Local temperatures and local terms in modular Hamiltonians

TL;DR

This paper explores the concept of local temperatures in quantum field theories, revealing their universal features, especially in two dimensions, and analyzing the structure of modular Hamiltonians across different dimensions.

Contribution

It introduces a framework for defining local temperatures via relative entropy, investigates their universality, and characterizes local terms in modular Hamiltonians for various theories and dimensions.

Findings

Local temperatures can be defined for any quantum field theory and region.

In 2D, local temperatures may originate from stress tensor terms in the modular Hamiltonian.

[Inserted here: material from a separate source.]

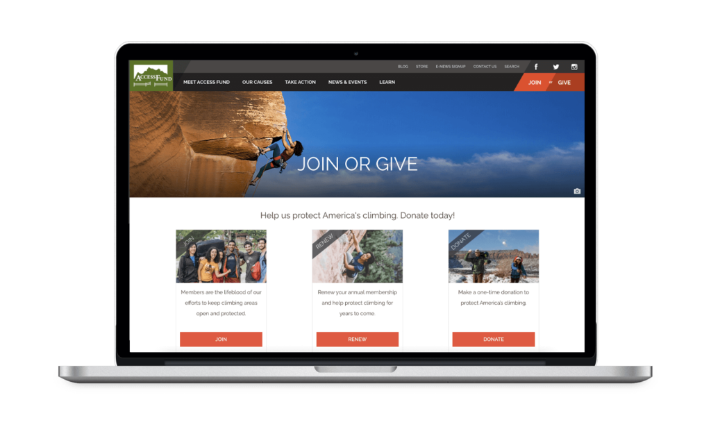 We know many of you support both Local and National access organizations. Here’s a chance to combine both memberships into one easy sign up process. Click the button below. This will take you to the Access Fund website where you will have the options to Join (for new members), Renew (for current Joint members) or Give (a one time or recurring monthly contribution).

In dimensions ≥3, local terms cannot be solely from the stress tensor, and their structure varies.

Abstract

We show there are analogues to the Unruh temperature that can be defined for any quantum field theory and region of the space. These local temperatures are defined using relative entropy with localized excitations. We show important restrictions arise from relative entropy inequalities and causal propagation between Cauchy surfaces. These suggest a large amount of universality for local temperatures, specially the ones affecting null directions. For regions with any number of intervals in two space-time dimensions the local temperatures might arise from a term in the modular Hamiltonian proportional to the stress tensor. We argue this term might be universal, with a coefficient that is the same for any theory, and check analytically and numerically this is the case for free massive scalar and Dirac fields. In dimensions $d\ge 3$ the local terms in the modular Hamiltonian producing these local temperatures cannot be formed exclusively from the stress tensor. For a free scalar field we classify the structure of the local terms.